Amazon’s decision to include HBase support into EMR is predicated on a following list of important features, cited by Barr:
- Strictly consistent reads and writes.
- High write throughput.
- Automatic sharding of tables.
- Efficient storage of sparse data.
- Low-latency data access via in-memory operations.
- Direct input and output to Hadoop jobs.
- Integration with Apache Hive for SQL-like queries over HBase tables, joins, and JDBC support.
The version of HBase available on EMR is 0.92. According to Barr, the use cases, that where driving adoption of HBase in EMR include:
- Support for Reference Data for Hadoop Analytics - Because HBase provides rapid access to stored data; it is a great way to store reference data that can be used by Hadoop jobs on either a single or across multiple Hadoop clusters.
- Alternative Data Storage option for data Ingestion and Batch Analytics - due to its high write throughput and efficient storage of sparse data, HBase can handle real-time ingestion of large data volumes. Combined with support for sequential reads and highly optimized scans HBase provides a powerful tool for "close to real time" analytics.

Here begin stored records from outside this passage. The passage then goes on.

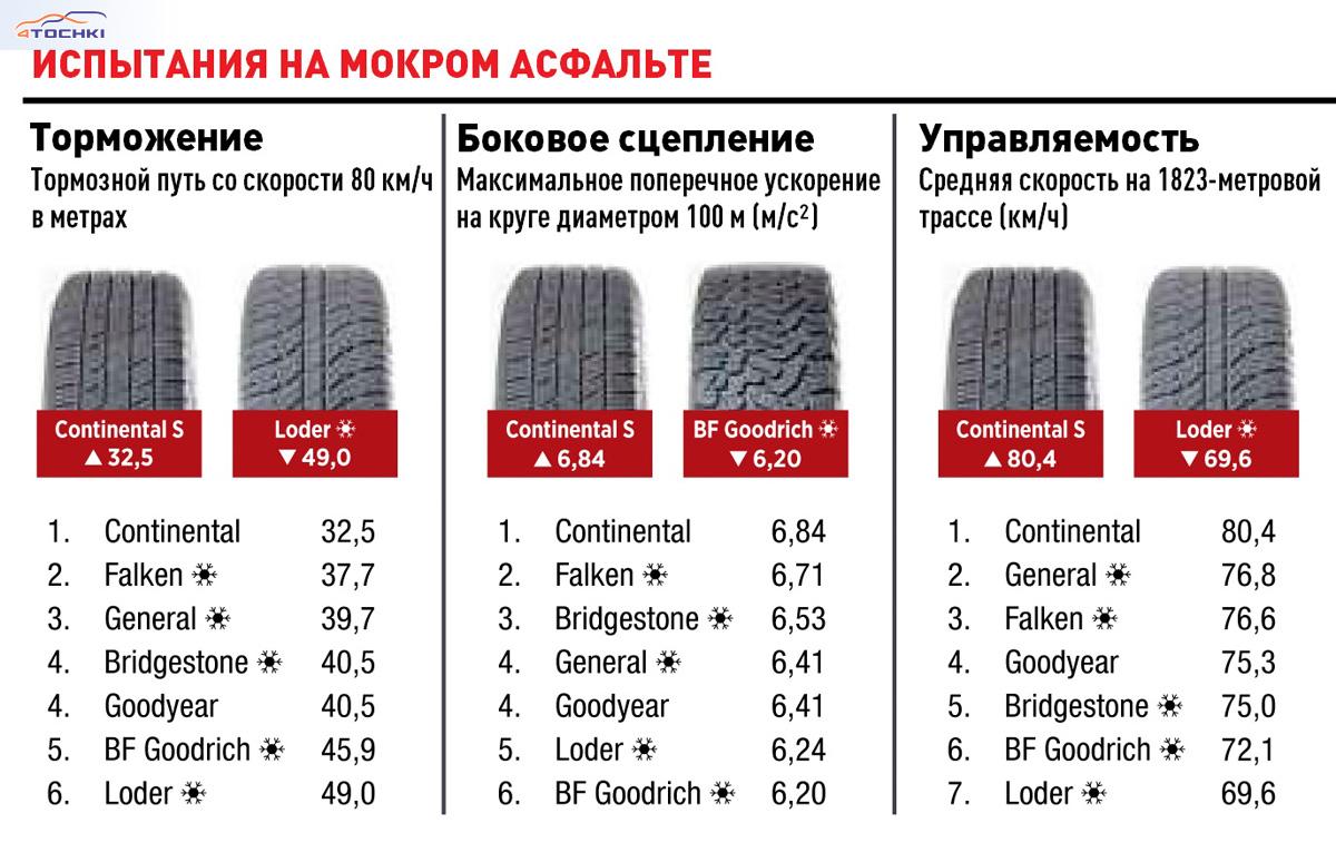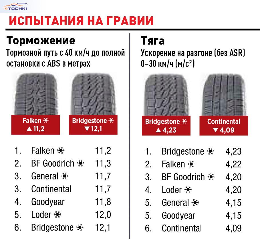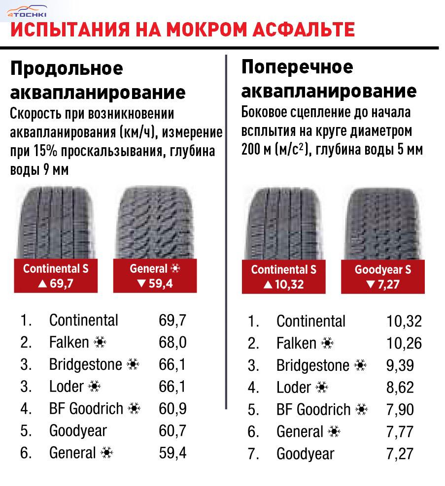 При тех же условиях Bridgestone и Falken завершают испытания с оценкой «хорошо», а General и Goodyear достигают, по крайней мере, удовлетворительного результата.
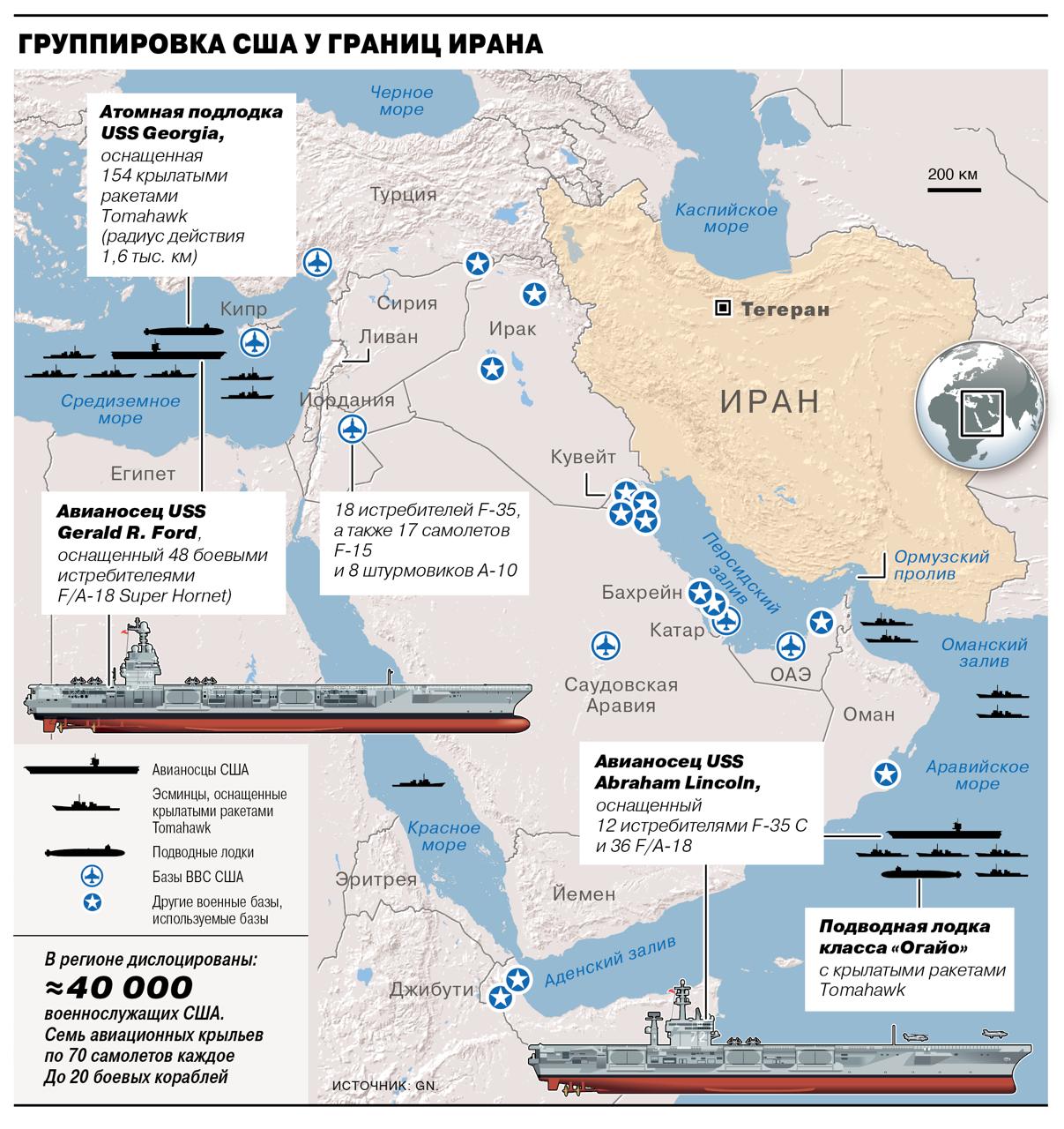«Масштабность сосредоточенных сил означает, что американские военные могут выполнить любое решение Трампа — от продолжительной, высокоэффективной кампании до более целенаправленных, ограниченных ударов»,— сказала газете Дана Строул, бывший заместитель помощника министра обороны по Ближнему Востоку, а ныне директор по исследованиям в Вашингтонском институте.
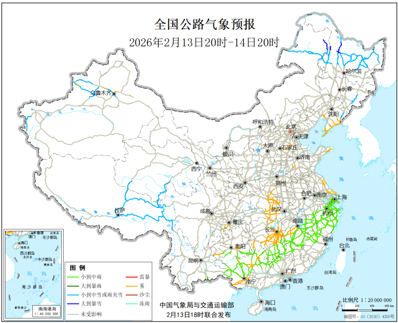 中国气象局与交通运输部2026年2月13日联合发布全国主要公路气象预报
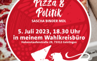 Direkte Gespräche über Politik und junge Themen: Das erwartet die Gäste bei „Pizza & Politik“ am Mittwoch, 5. Juli 2023, um 18.30 Uhr im Wahlkreisbüro des Geislinger Landtagsabgeordneten Sascha Binder (SPD). „Ihr bringt die Themen, ich die Pizza“, so Binder zu seiner Einladung an alle interessierten Jugendlichen. Neben spannenden Gesprächen in lockerer Atmosphäre erwartet die Gäste auch leckere Pizza, kühle [...]
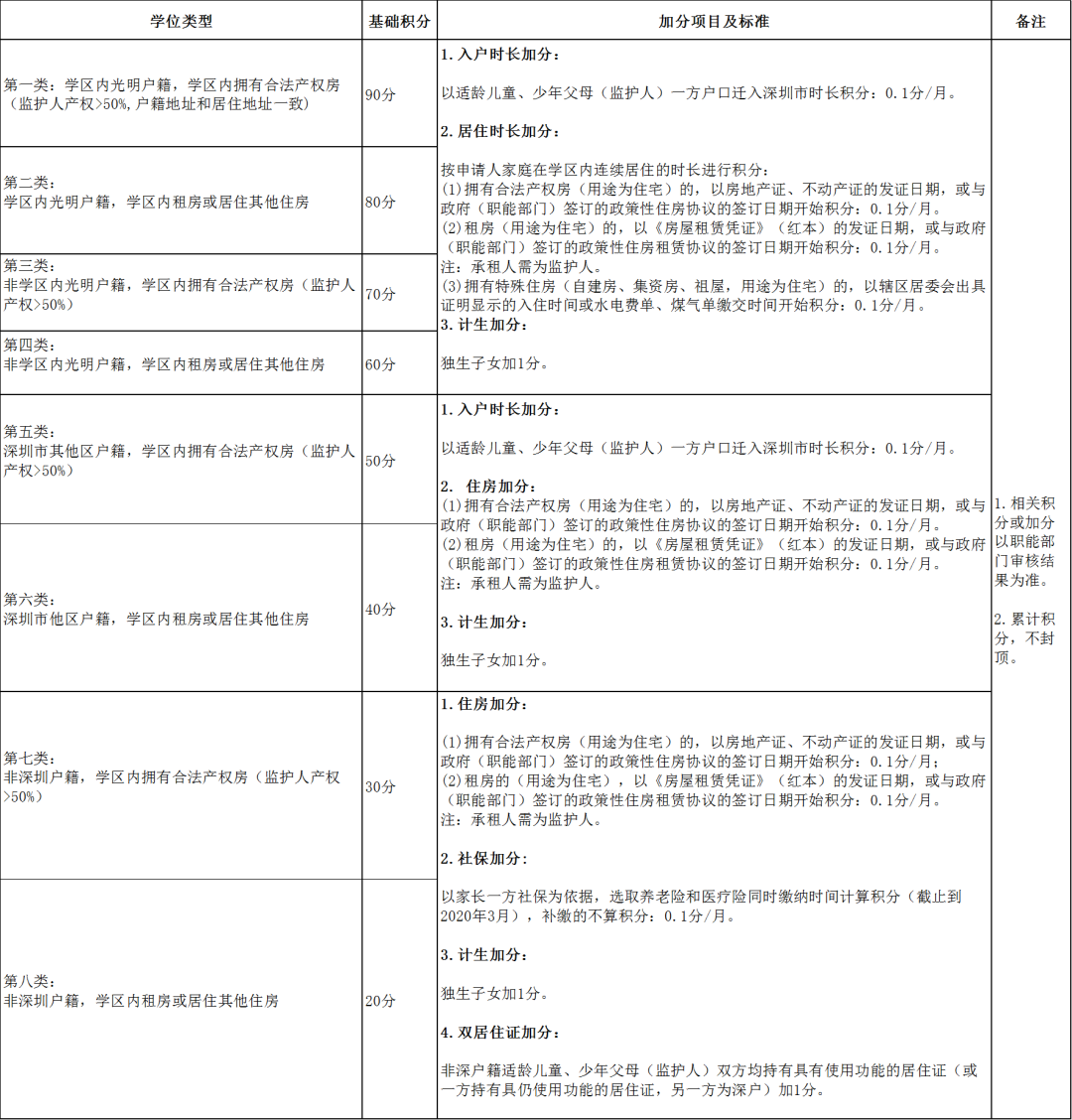 光明区义务教育阶段学位类型按照适龄儿童、少年户籍和家庭购房情况分为八类,积分项目及标准如下:
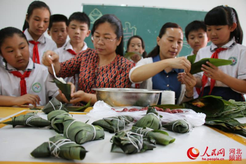 圖為6月4日河北省邯鄲市廣平縣第二實驗小學學生在老師的幫助下學習包粽子。
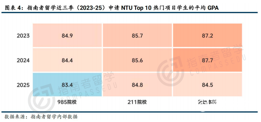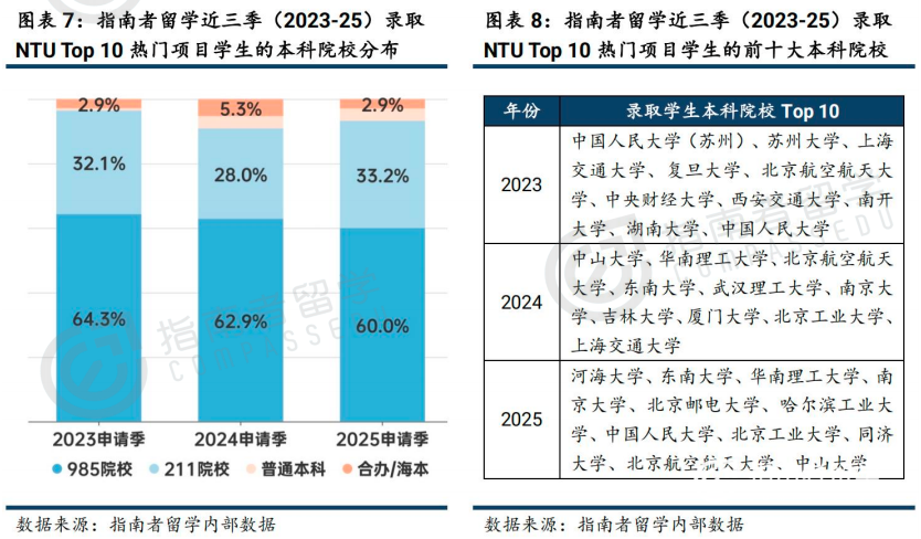 NTU Top10项目申请者同样以985/211为主,近三年合计占比超八成,2025年985学生占比54.0%。
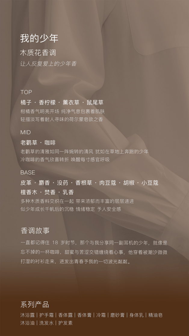 其中,“浮靡之水”与“我的少年”两款香型最为出圈。尤其是“我的少年”,凭借极具画面感的香调叙事,联动系列代言人王星越的形象,在宣传片中以午后阳光、木地板水渍、清浅呼吸等细节,调动感官、唤醒记忆,不仅让该香型深入人心,更成为独特艾琳品牌破圈的标志性范本。
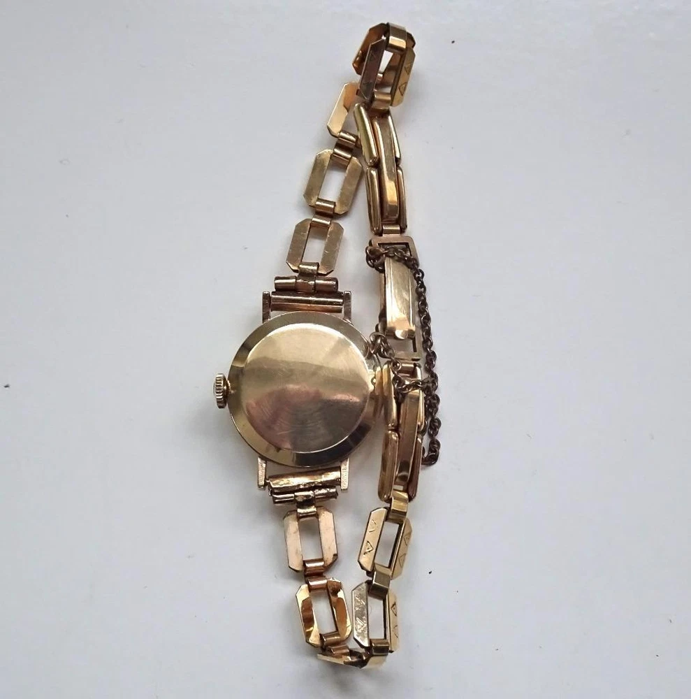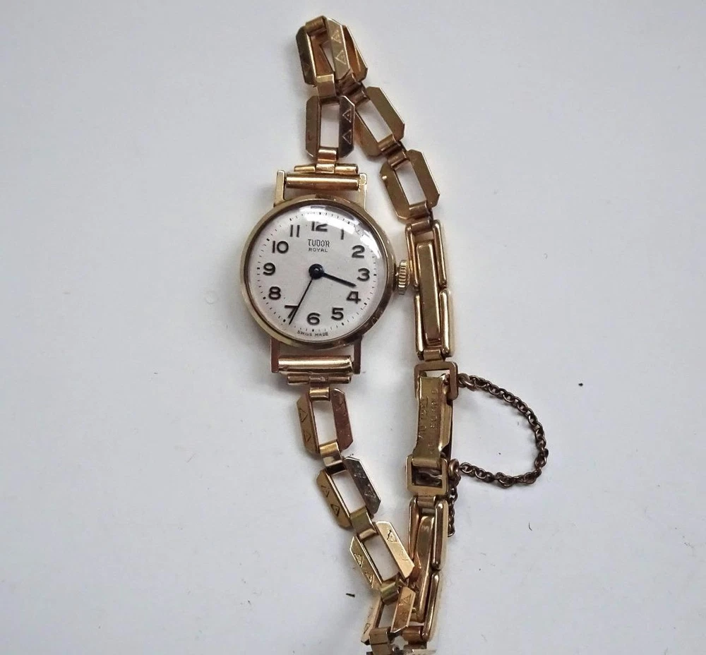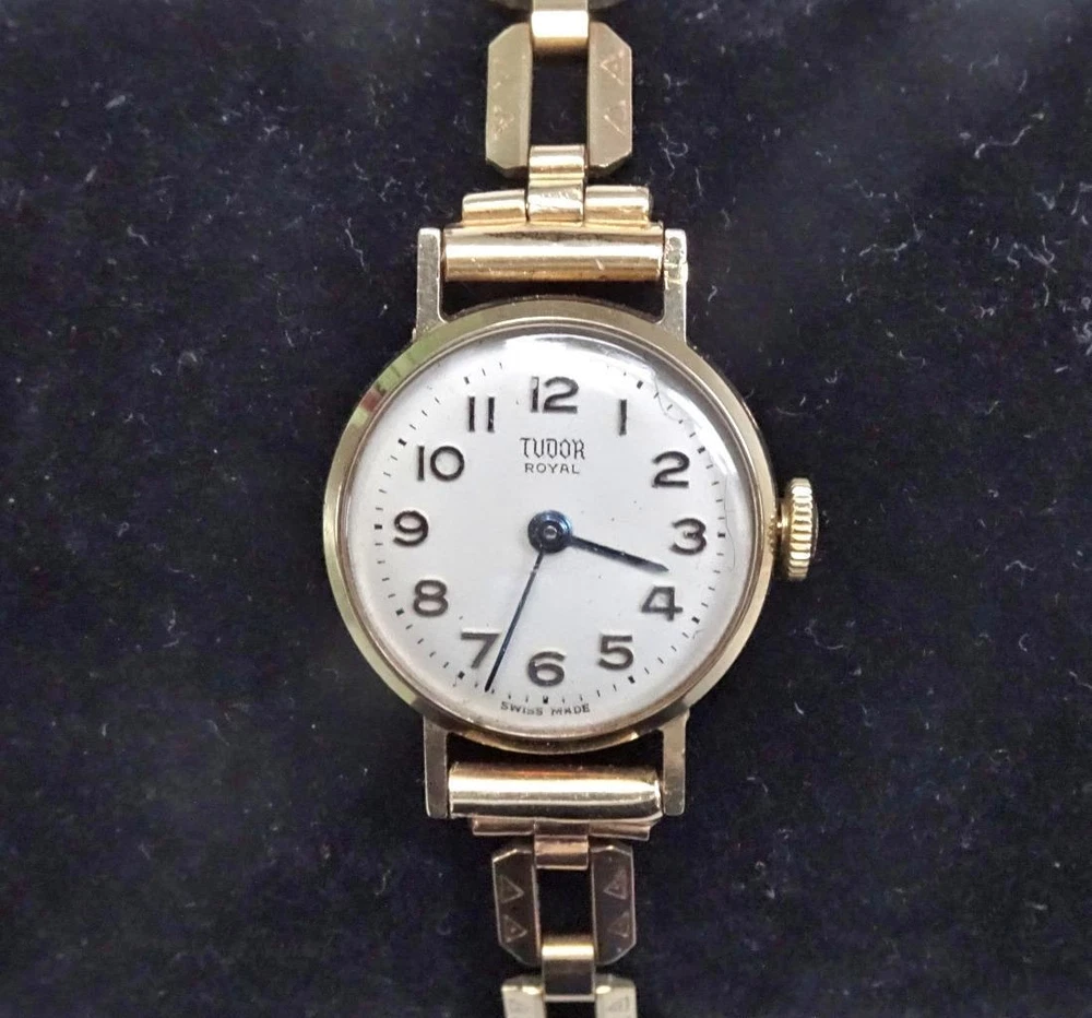 LADIES' VINTAGE TUDOR "ROYAL" (by ROLEX) 9ct GOLD 17 JEWELLED HAND WIND WATCH c1965 The watch is in superb condition. It is in full working order and keeps very good time. Hallmarked 9ct yellow gold case with a 1/10th 12ct rolled gold bracelet . The bracelet has a delicately engraved pattern on the front of the links. The crown is original with the "Rolex" coronet and the case also is Rolex branded. The hallmark is from the Edinburgh Assay Office with the date letter for 1965. The size of the watch case is 20mm in diameter excluding the crown. The watch will fit a maximum wrist size of 18cms . Champagne dial with blued hands and gold arabic numerals. Swiss made Tudor calibre 2512 hand wind movement with 17 jewels. This is a top quality vintage watch from the Swiss watchmaker TUDOR who are part of ROLEX . (3EBA4) Images sell! Get Supersized Images & Free Image Hosting Attention Sellers - Get Templates Image Hosting, Scheduling at Auctiva.com. Track Page Views With Auctiva's Counter
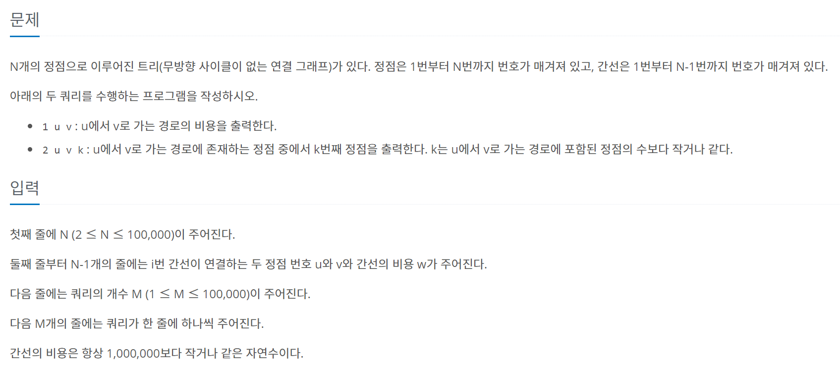1번 쿼리에서 막혔다면 아래 문제로 더 공부해보고 오자. 1번 쿼리만 있는 LCA 문제이다.
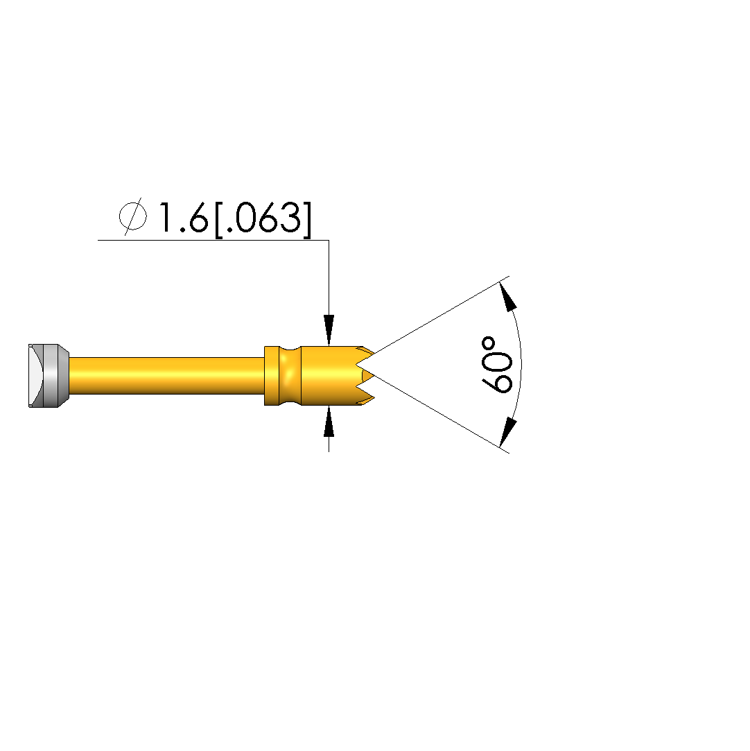 - Tip diameter: 1.6 mm [.062 in]
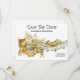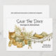Uma bela ilustração de confortável casa e ilha com confortáveis amenidades, apresentando uma rede com confortáveis almofadas e travesseiros xadrez pendurados atrás de cestas de vime; vasos de plantas de cerâmica; almofadas marrons e verdes e folhas e folhagens secas de plantas. Este design moderno e atraente é ideal para celebrações de casamento de verão, primavera, outono, boêmio, campestre, ao ar livre, floresta e bosque. Personalize o texto e adicione detalhes extras no verso, se necessário.
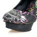 Высокий каблук и рант стилизованы под кожу рептилии, яркий принт роз эффектно смотрится на чёрном фоне. Безупречное качество и неординарный стиль от Ed Hardy. Удобная колодка, устойчивый каблук.
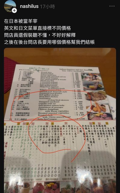 → m13579 : 有膽就大剌剌在菜單上面寫外國觀光客比較貴啊 沒有 09/03 18:43

- Implementation of High Frequency Counters and Summary Data - build in support for strictly consistent reads and writes makes it an ideal platform for storing counters and summary data. Map Reduce jobs can be used for calculation of complex aggregations such as max-min, sum, average, and group-by and the results of these jobs can be piped back into an HBase.
EMR makes launching HBase on an EMR cluster quite simple, according to the documentation - the user needs to specify that he wants HBase support in his job flow, and everything will be automatically installed. As with any other EMR job instance one can still specify the cluster size and machine type to be used.
At first glance it would seem that EMR and HBase are not suited for each other - EMR is typically created to execute a given job and then terminated, while HBase typically serves as a permanent data storage. AWS allows to support this combination by implementing backup and restore for HBase, which supports both full and incremental backups of HBase data to S3. This functionality enables HBase to survive EMR’s termination without any data loss. The other option, described in the Hive example is to have a dedicated HBase cluster that can be accessed by other EMR clusters. As an additional security measure, Amazon EMR launches HBase clusters with termination protection turned on. This prevents the cluster from being terminated inadvertently or in the case of an error.
Everyone who ever used HBase knows that one the most difficult problems usign it is cluster configuration. Although default configuration provided by Amazon is a good starting point for HBase usage, Amazon provides users with the capabilities to optimize this configuration for specific usage
All in all, Hbase seems like a great addition to EMR, where it can be efficiently and cost-effectively used to extend EMR’s capabilities. It can also be used as an easy entrance in HBase usage, leveraging simplicity of EMR installation and usage.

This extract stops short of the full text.